Heinrich, young Oscarovichs grandfather, was not there to witness this. Four years before this he vanished. In the 1950s Christine Josefova, Heinrichs wife, would find out about her husbands fate in a letter by the esteemed party commitee. The letter announced to her the commitees decision to rehabilitate Heinrich as well as his medical approbation.
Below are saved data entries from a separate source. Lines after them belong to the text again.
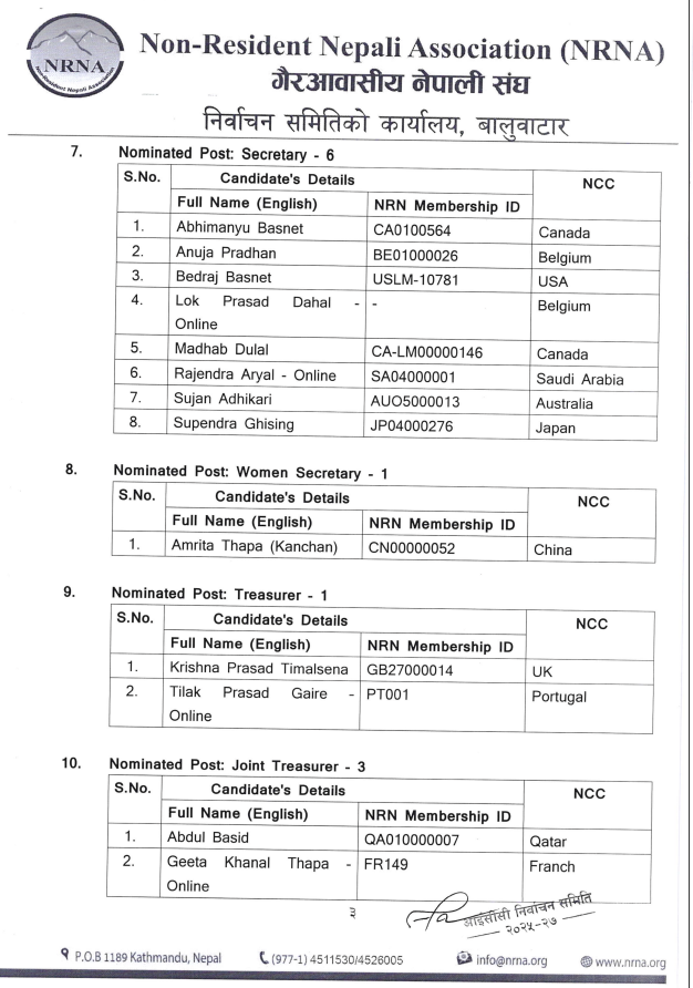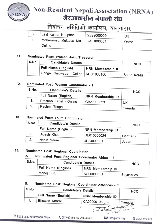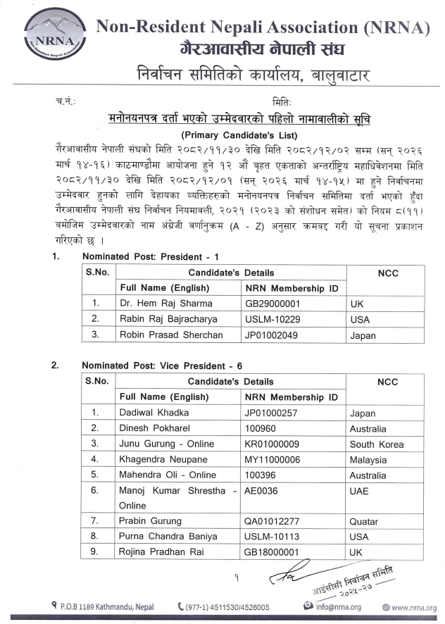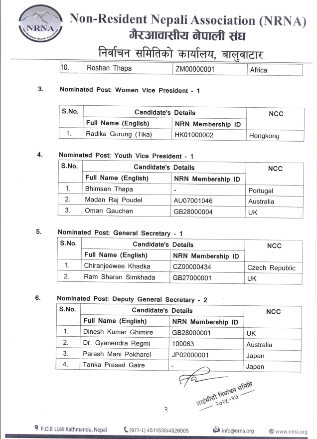 आगामी आइतबार हुने निर्वाचनका लागि बुधबार सम्पन्न मनोनयन दर्तामा डा. हेमराज शर्मा (यूके), रविन बज्राचार्य (अमेरिका) र रविन शेरचन (जापान) ले उम्मेदवारी दिएका हुन्।
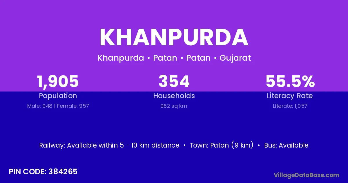 Patan (9 km) is the nearest town to Khanpurda village for major economic activities and is located approximately 9 km away.
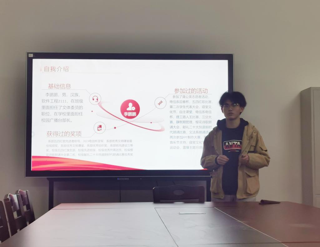 (电信系 李颖)为认真贯彻落实关于加强新形势下党员发展和管理工作的要求,切实严把发展党员“入口关”,确保发展党员质量,4月6日晚,电信系党总支在J4-231举行了2023年度上半年重点培养对象审核答辩会。电信系党总支副书记李颖、教工支部书记朱艳艳、学生第一支部书记彭亚岚、分团委书记王琳琳、部分教师党员代表和34名拟重点培养对象候选人选参加了本次答辩会。会议由电信系学生第二支部书记兼教工支部纪检委员刘圆鑫主持。
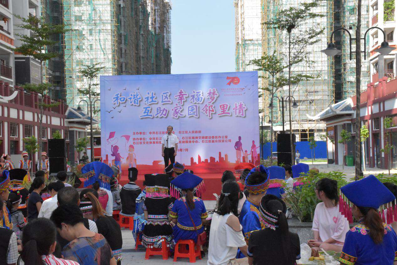 ??????????? 2019年7月27日,為慶祝新中國成立70周年,紀(jì)念百色起義90周年,由區(qū)委宣傳部組織的2019百色市右江區(qū)《我和我的祖國》大型快閃表演活動分會場暨第二屆“老鄉(xiāng)家園”鄰里節(jié),在老鄉(xiāng)家園-迎龍易地扶貧搬遷安置小鎮(zhèn)舉行。右江區(qū)區(qū)委常委、宣傳部部長、區(qū)人民政府副區(qū)長王世凡等,以及區(qū)直相關(guān)部門領(lǐng)導(dǎo)和公司有關(guān)領(lǐng)導(dǎo)參加此次活動。
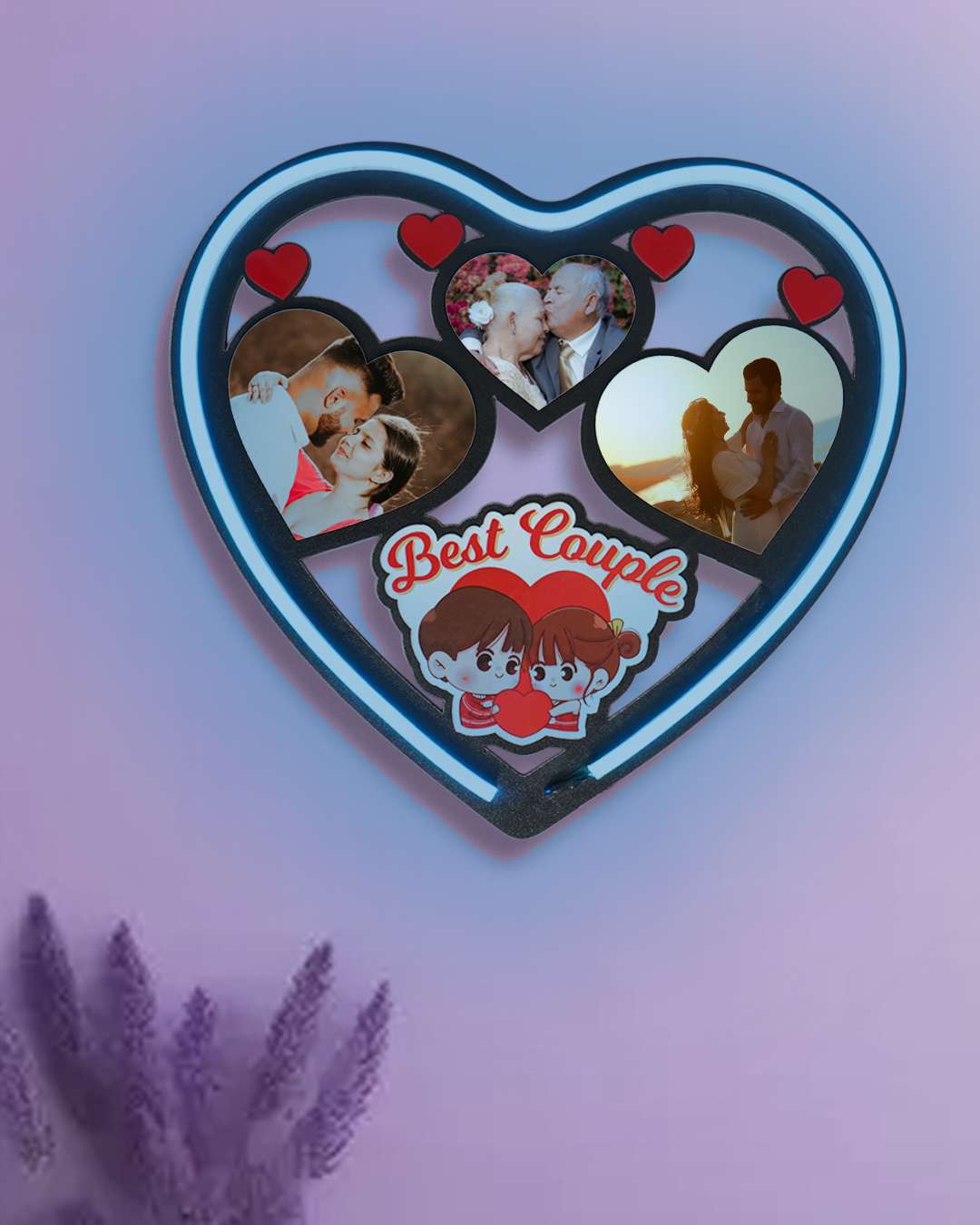 Best Collage Couple LED Photo Frame Heart Shape | White

In the same letter the commitee also regretted to inform her of Heinrichs passing. Unfortunately he had won the first prize in a political joke contest on the occasion of Lenin’s 1942 birthday in the prison of Tiflis. The nature of the prizes was as follows: the third prize granted the lucky winner three years of labor camp in honor of Lenin, the second prize extended the third prize to seven years in honor of Lenin, while the elusive first prize granted you a personal meeting with the man himself.